Segment Start: Input records
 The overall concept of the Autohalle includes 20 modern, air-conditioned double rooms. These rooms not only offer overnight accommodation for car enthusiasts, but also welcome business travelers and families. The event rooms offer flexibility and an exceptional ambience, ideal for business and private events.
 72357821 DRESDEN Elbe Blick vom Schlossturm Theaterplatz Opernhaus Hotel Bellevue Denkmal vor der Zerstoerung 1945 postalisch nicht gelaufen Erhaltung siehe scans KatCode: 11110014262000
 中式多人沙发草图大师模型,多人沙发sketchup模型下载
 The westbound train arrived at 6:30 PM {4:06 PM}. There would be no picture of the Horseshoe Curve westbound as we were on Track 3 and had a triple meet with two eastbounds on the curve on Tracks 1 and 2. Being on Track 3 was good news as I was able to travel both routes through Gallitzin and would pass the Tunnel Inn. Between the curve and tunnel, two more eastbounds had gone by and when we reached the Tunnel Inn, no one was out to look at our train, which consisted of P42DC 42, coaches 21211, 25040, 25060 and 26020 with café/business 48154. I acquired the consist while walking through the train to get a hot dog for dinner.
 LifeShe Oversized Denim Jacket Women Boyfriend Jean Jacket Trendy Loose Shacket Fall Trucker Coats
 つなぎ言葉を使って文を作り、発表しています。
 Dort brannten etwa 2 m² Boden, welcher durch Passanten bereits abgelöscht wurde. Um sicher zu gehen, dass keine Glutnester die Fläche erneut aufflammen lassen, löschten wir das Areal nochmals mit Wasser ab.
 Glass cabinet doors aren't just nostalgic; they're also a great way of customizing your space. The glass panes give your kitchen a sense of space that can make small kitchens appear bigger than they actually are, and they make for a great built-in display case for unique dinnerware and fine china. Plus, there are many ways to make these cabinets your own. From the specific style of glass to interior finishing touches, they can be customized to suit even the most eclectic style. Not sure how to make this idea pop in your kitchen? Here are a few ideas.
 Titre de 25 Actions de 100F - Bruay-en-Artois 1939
Segment End: Input records
Segment Start: Input records
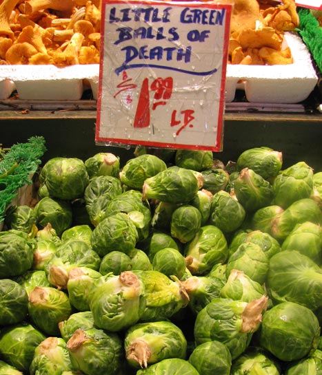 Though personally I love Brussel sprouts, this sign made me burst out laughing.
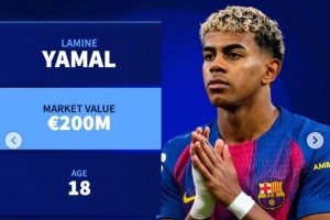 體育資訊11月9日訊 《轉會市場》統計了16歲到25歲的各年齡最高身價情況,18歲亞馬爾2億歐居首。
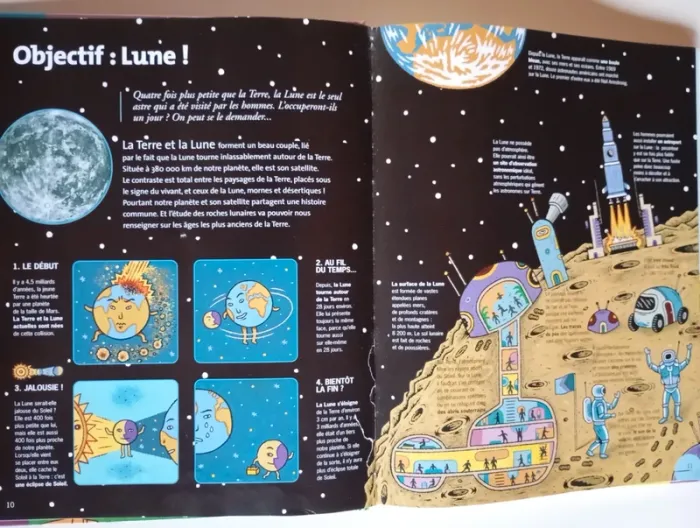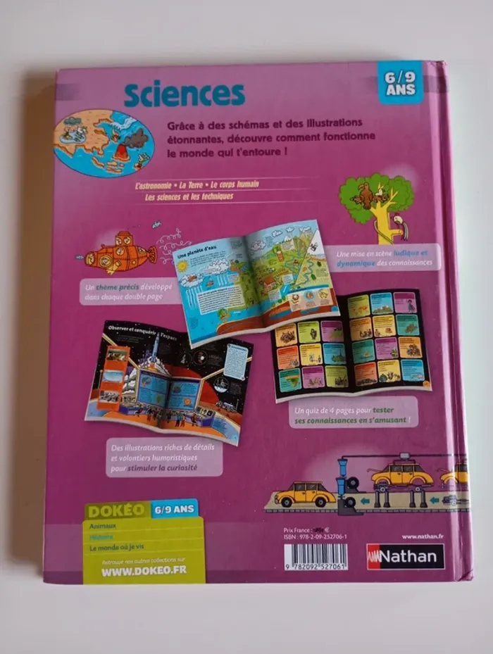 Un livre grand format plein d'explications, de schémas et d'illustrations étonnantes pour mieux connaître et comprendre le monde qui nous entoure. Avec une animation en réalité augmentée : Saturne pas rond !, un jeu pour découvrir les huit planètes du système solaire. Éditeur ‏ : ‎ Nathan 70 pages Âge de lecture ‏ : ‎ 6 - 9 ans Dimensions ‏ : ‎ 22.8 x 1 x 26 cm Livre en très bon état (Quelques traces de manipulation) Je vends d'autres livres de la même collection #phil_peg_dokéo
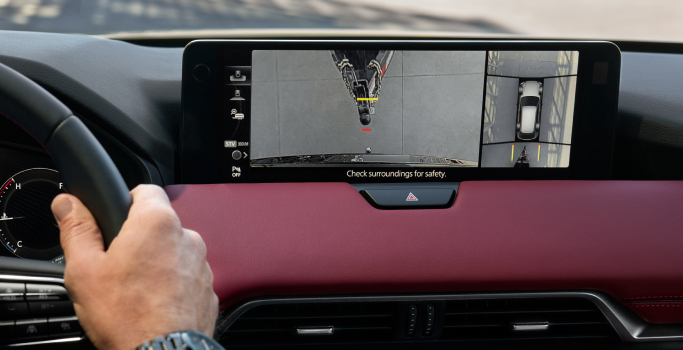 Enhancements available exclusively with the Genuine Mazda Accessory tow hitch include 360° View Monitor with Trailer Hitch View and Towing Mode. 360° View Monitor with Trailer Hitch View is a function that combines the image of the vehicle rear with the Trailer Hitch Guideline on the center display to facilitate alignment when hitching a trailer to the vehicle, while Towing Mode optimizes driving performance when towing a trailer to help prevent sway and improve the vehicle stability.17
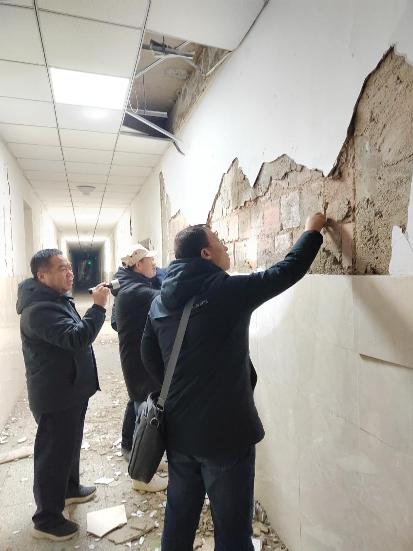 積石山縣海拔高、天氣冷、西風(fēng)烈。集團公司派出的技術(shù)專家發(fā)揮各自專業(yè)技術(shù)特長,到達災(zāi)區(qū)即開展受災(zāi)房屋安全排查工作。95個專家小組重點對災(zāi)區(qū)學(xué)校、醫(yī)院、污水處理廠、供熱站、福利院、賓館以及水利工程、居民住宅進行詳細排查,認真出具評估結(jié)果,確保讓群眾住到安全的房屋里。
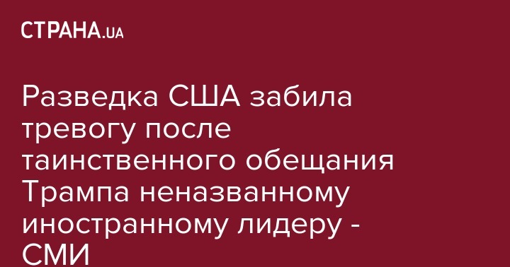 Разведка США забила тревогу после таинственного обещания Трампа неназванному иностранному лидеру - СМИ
Segment End: Input records
Segment Start: Input records
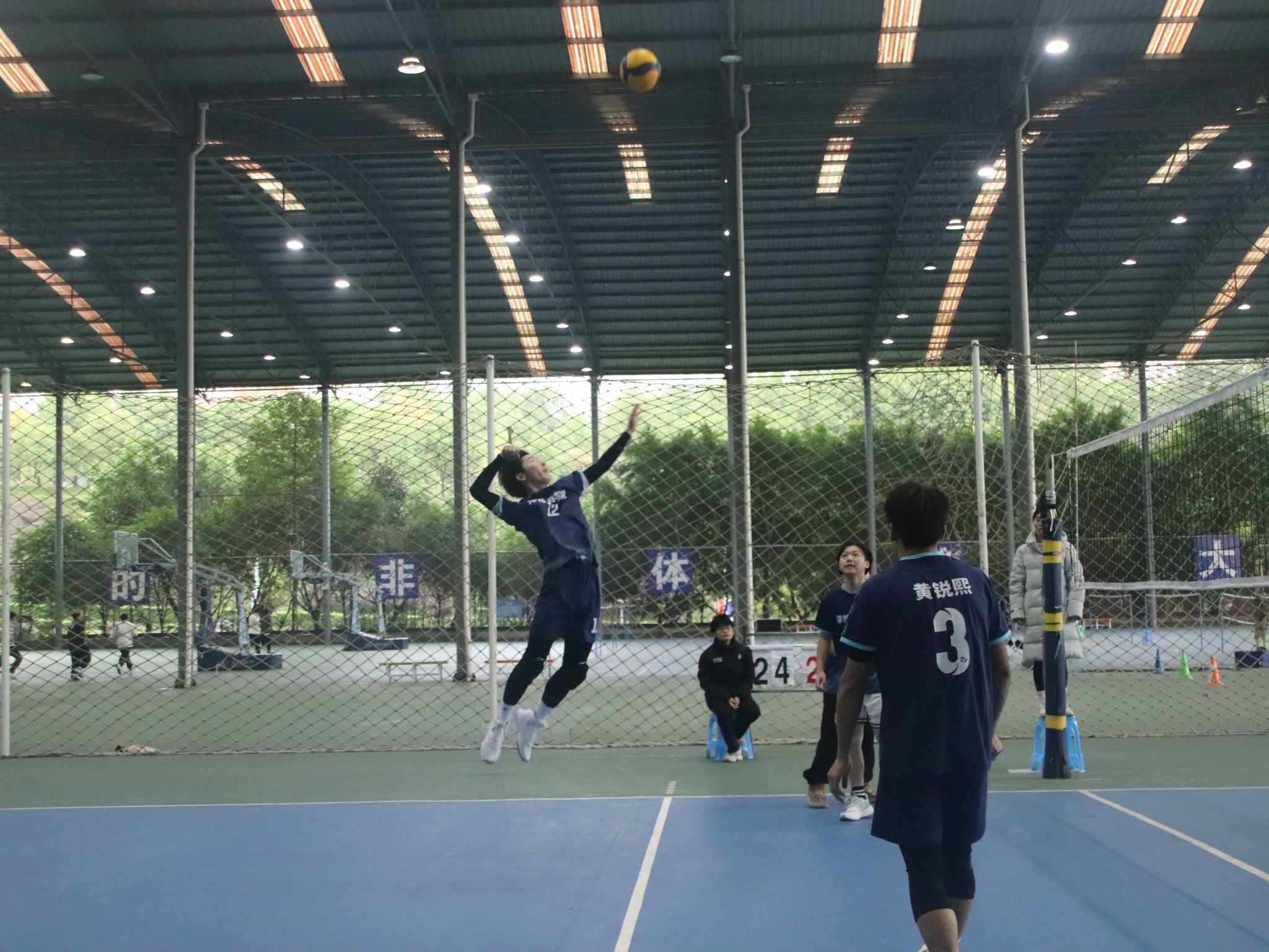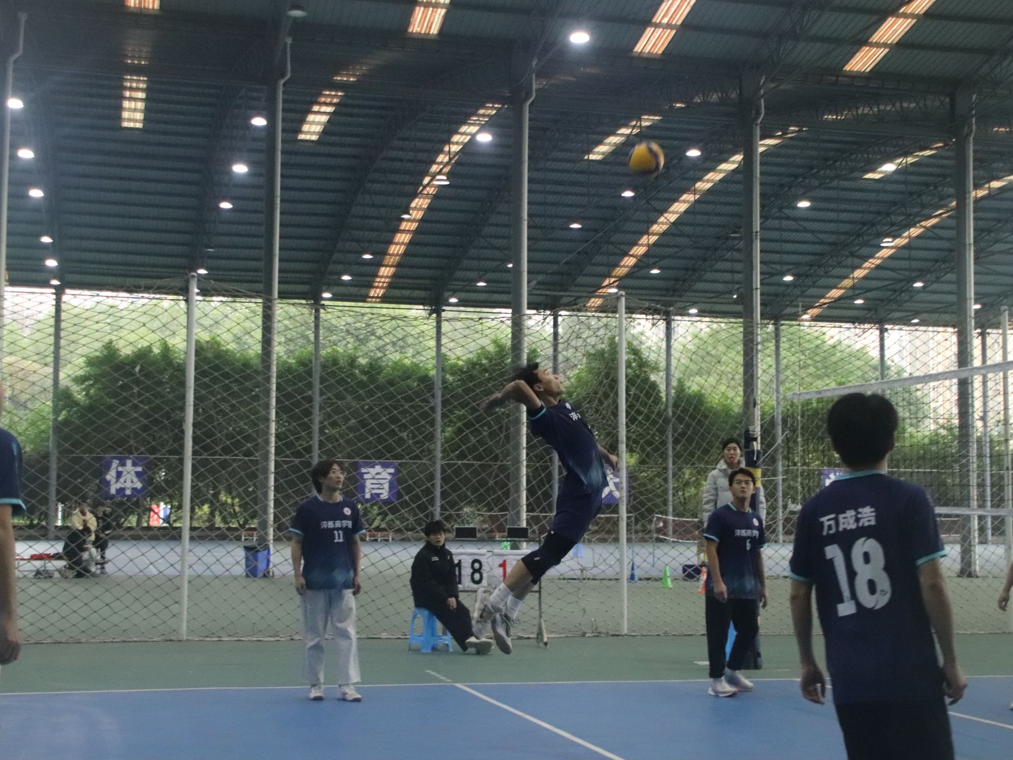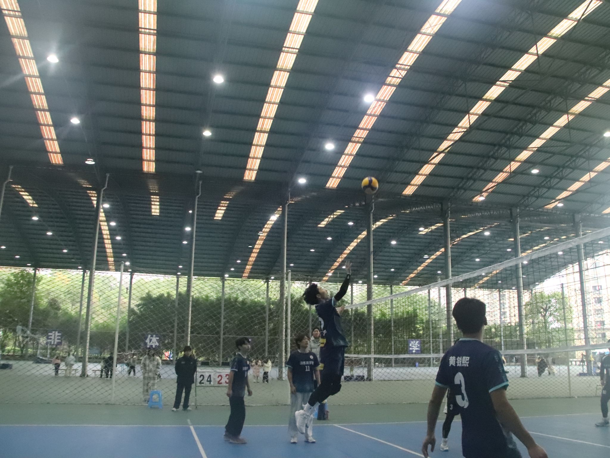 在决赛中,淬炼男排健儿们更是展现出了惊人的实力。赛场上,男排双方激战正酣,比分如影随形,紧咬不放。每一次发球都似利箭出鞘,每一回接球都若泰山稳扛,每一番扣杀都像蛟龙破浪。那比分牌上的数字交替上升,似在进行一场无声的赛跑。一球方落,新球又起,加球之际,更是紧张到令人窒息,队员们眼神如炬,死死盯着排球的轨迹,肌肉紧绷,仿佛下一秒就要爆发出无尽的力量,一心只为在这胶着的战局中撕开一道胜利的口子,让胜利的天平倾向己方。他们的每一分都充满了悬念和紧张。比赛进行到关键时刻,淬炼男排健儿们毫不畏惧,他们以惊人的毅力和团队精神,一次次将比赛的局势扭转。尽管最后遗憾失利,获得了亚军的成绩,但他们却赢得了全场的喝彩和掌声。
Segment End: Input records
### What you are asked to do:
Using the data above, reproduce exactly the lines between those holding "LifeShe Oversized Denim" and "Dort brannten etwa", inclusive, and no others.

### Worked solution:
 LifeShe Oversized Denim Jacket Women Boyfriend Jean Jacket Trendy Loose Shacket Fall Trucker Coats
 つなぎ言葉を使って文を作り、発表しています。
 Dort brannten etwa 2 m² Boden, welcher durch Passanten bereits abgelöscht wurde. Um sicher zu gehen, dass keine Glutnester die Fläche erneut aufflammen lassen, löschten wir das Areal nochmals mit Wasser ab.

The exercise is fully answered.